Every action has risks and benefits, costs and savings. Tradeoffs are unavoidable, and ostensibly risk-reducing behavior is virtually always accompanied by costs or new risks. Breastfeeding and bottle-feeding are no different.
Breastfeeding benefits the environment by reducing pollution and waste from the production, packaging, and transportation of infant formula. It also decreases food expenditures for lower-income families. Yet breastfeeding also has costs, such as the labor value of women’s nursing and the potentially negative impact of breastfeeding on family dynamics, women’s career trajectories, and women’s emotional and physical health. It is only “free” if these costs are not taken into account.
Breast milk contains environmental contaminants. Despite the fact that most lactating mothers have detectable and at times highly elevated levels of these environmental agents in their milk, breastfeeding advocates and even environmental activists have been reluctant to emphasize this concern for fear of discouraging women from breastfeeding. Conventional risk assessment methods, based on adult body weights and food consumption data, do not consider the ways in which infants and children are uniquely susceptible to chemical exposures via mothers’ milk. Breastfeeding advocates who point only to the hazards of formula, such as that it can be contaminated in production or improperly prepared, neglect the fact that breastfeeding, too, has risks.
Extensive research indicates that babies in homes where mothers are psychologically depressed or economically stressed are at risk for a variety of developmental and health disorders. For women who find the demands of breastfeeding overwhelming or who cannot reconcile breastfeeding with employment, formula-feeding might well be not simply as good as breastfeeding but the less risky way to feed their babies.

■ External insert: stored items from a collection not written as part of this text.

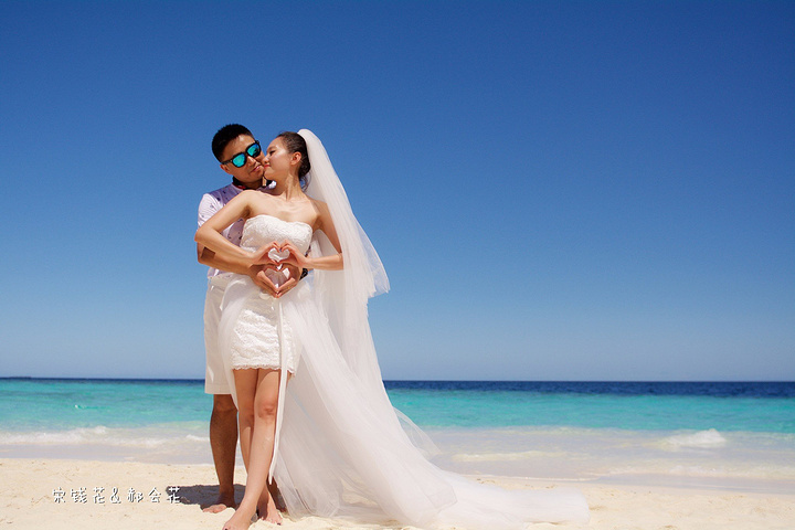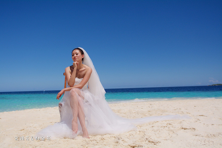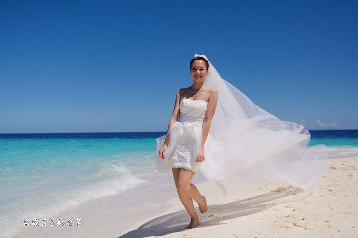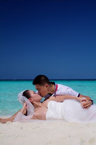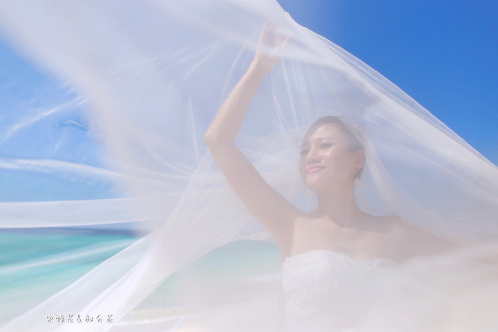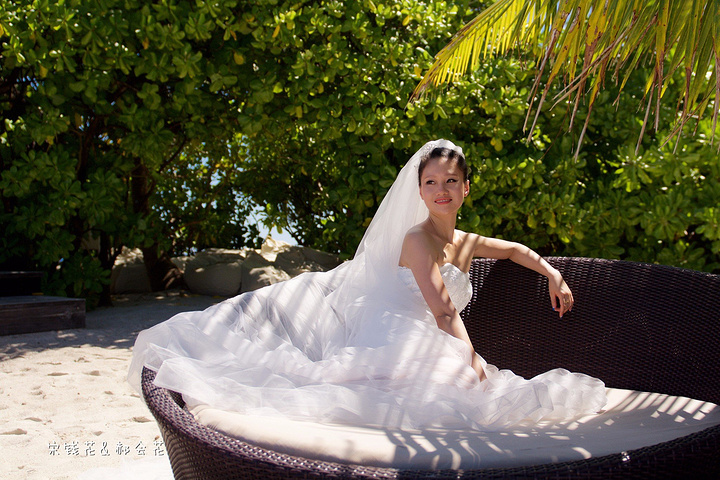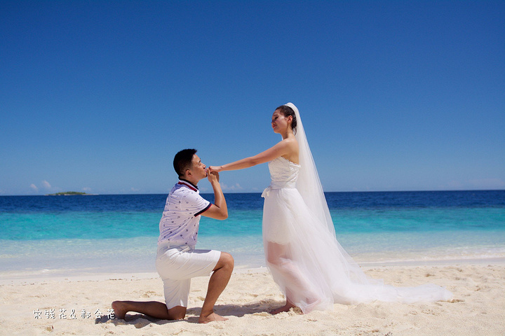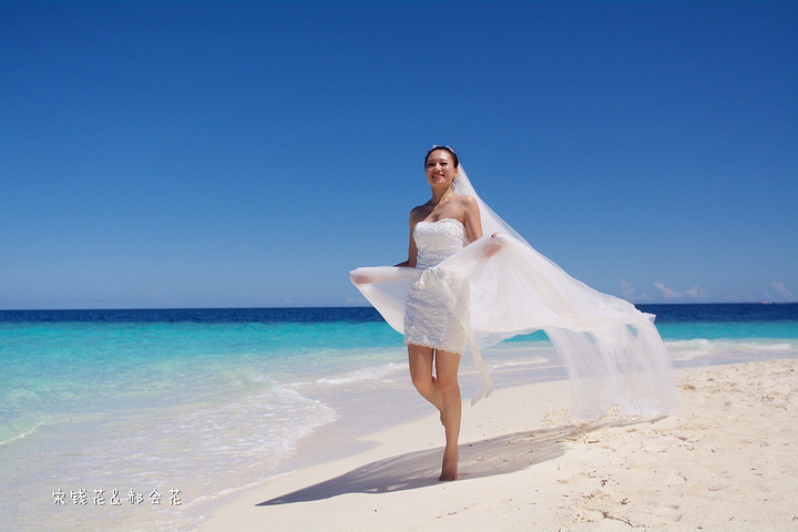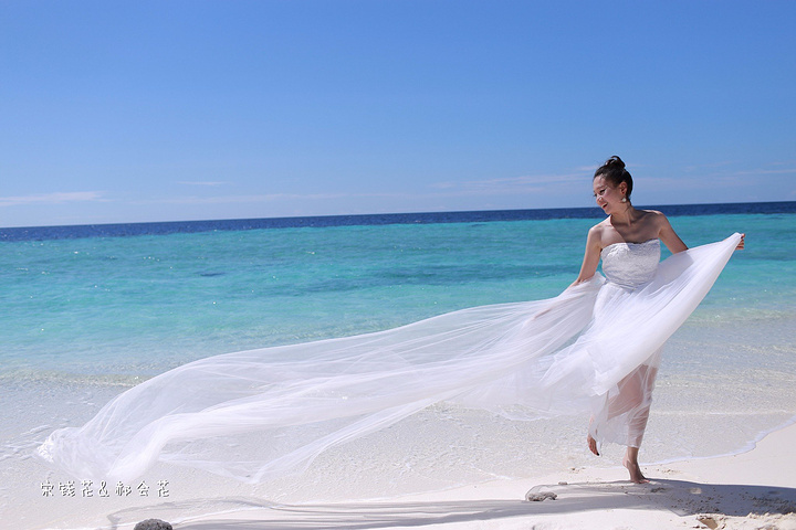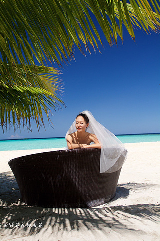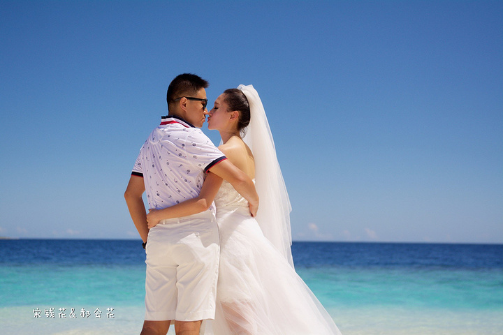 凌晨四点多,哗啦哗啦的声音吵醒了我,走到露台一看,瓢泼大雨啊,瓢泼都不能完全形容了,简直是盆泼!心里不免为预约的跟拍着急。早上6点钟醒了(时差关系,睡不了懒觉)出去一看,万里无云有没有,岛上的天气真是变幻莫测! 早餐后我们先在门前的沙滩上拍了一些照片,发现风好大,婚纱照真的有点HOLD不住。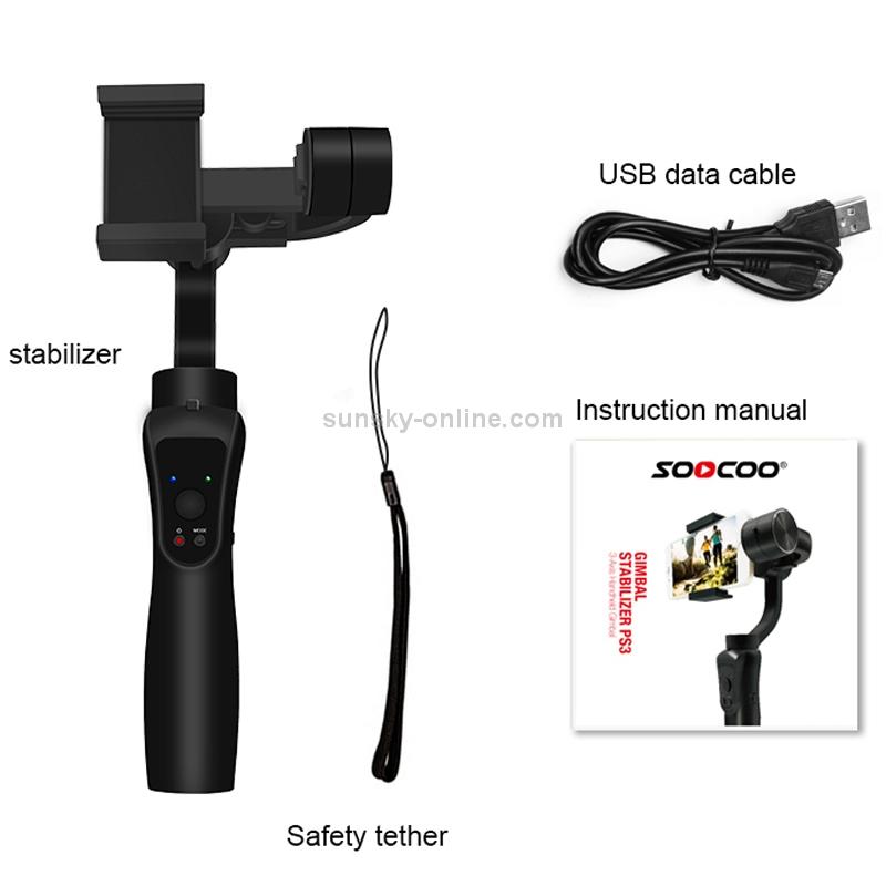 Profesionální, univerzální stabilizátor SooCoo Gimbal PS3, je velice kvalitní stabilizátor s univerzálním úchopem pro mobilní telefon(android i ios),ale i pro akční kamery. Přizpůsobí se vám! Vysková úroveň stabilizace je zajištěna díky perfektní tříosé konstrukci. Stabilizátor lze ovladát jednoduše a pohodlnně díky ovládacímu kolečku. Zkušená společnost SooCoo vyrabí především velmi kvalitní stabilizátory, SooCoo Gimbal PS3 není výjimkou. Skvěle vymyšlená konstrukce, kvalitní materiál, jednoduché použití, spojení přes bluetooth s vaším zařízením. To vše vám půže SooCoo PS3 nabídnout, jako bonus za bezkonkurenční cenu. V těle stabilizátoru jsou ovládací prvky(tlačítka), to znamená že pohodlnně stisknete spoušť přímo ze stabilizátoru. SooCoo Gimbal PS3 nabízí také moderní funkce jako timelapse, slow motion, nebo object tracking- samostatně sleduje zvolený objekt, včetně lidské tváře. Baterie má obrovskou výdrž, až 12 hodin! Součástí balení je Samotný Gimbal PS3, návod k použití, USB kabel a bezpečnostní šňůrka.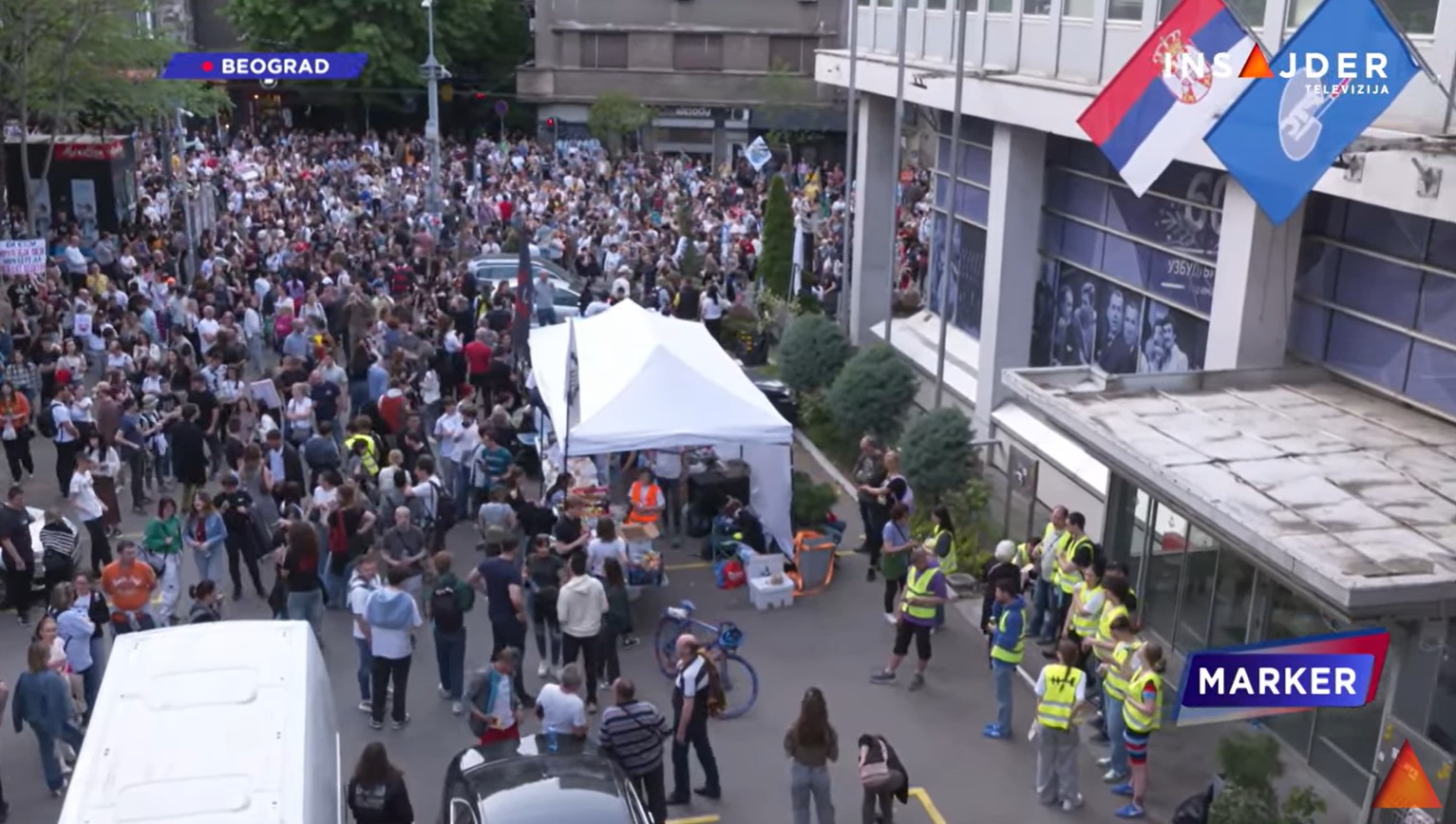 Kako javlja reporter Insajdera Stefan Miljuš, u toku je 44. sat studenske blokade radiotelevizije Srbije u Beogradu, Takovska ulica je blokirana, a u ovom trenutku pripadnici policije su se sklonili ispred glavnog ulaza u RTS.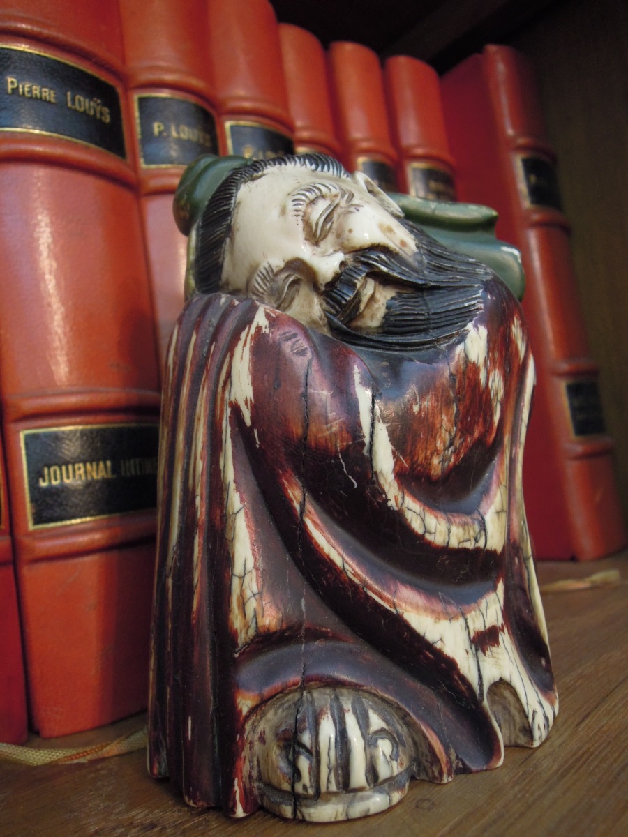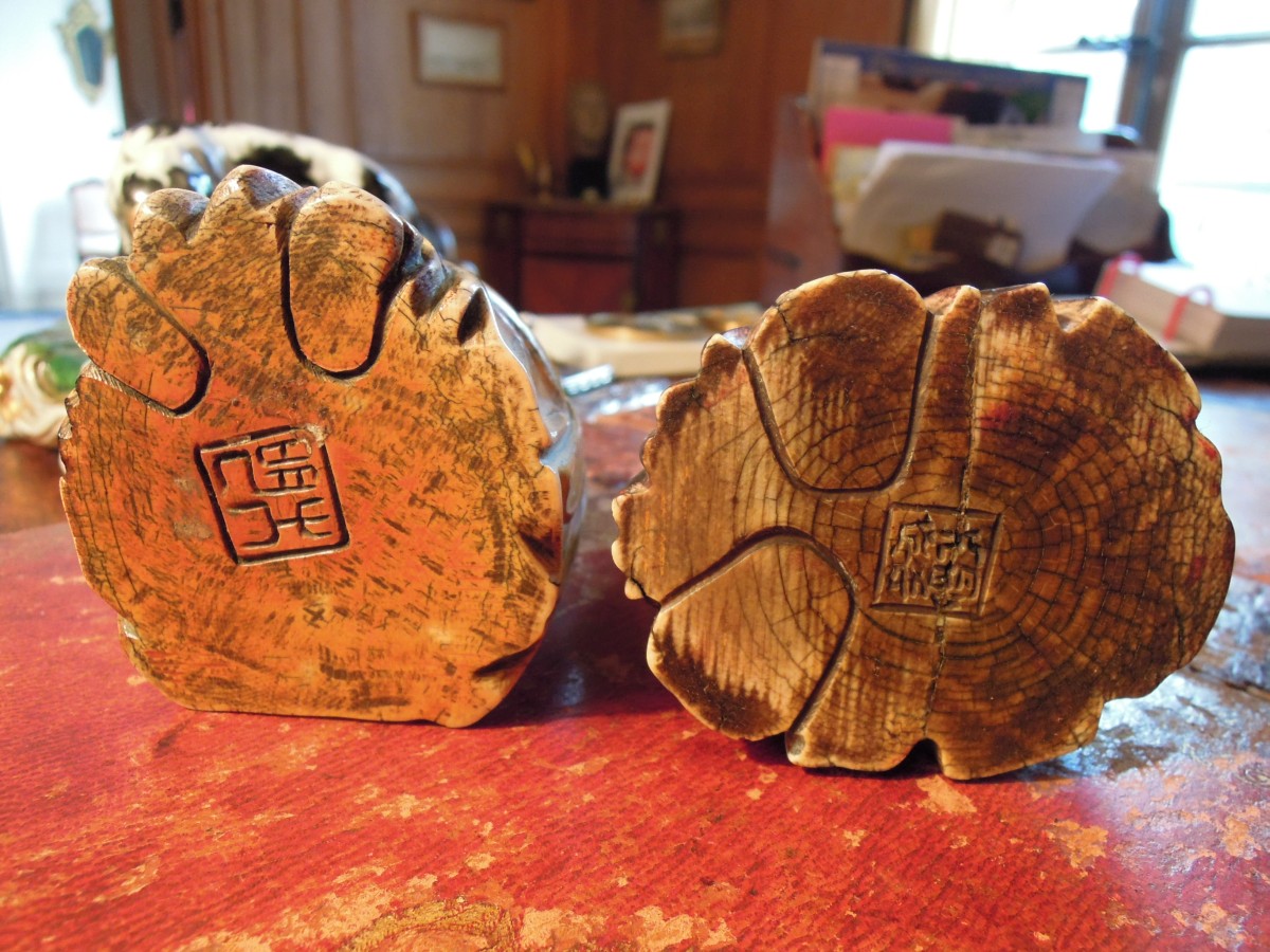 - Deux HOMMES ENDORMIS en ivoire blanc et polychrome signés (Haut.: 10 et 11,5 cm).

Research demonstrates not only that most people fail to understand the inevitability of risk but that when strong emotions, such as fear, are involved, people tend to focus on worst-case scenarios, not probability. Telling pregnant women and mothers of newborns that not breastfeeding is risky, or that formula-feeding will harm their new babies, is both false and manipulative. It misrepresents the science, and it exploits the concerns and fears of women when they are likely to feel most vulnerable.
In the past, many doctors routinely and wrongly challenged women’s ability to feed their babies from the breast, and they encouraged bottle-feeding based on misinformation. Those mistakes, however, cannot be rectified by misrepresenting the value of formula.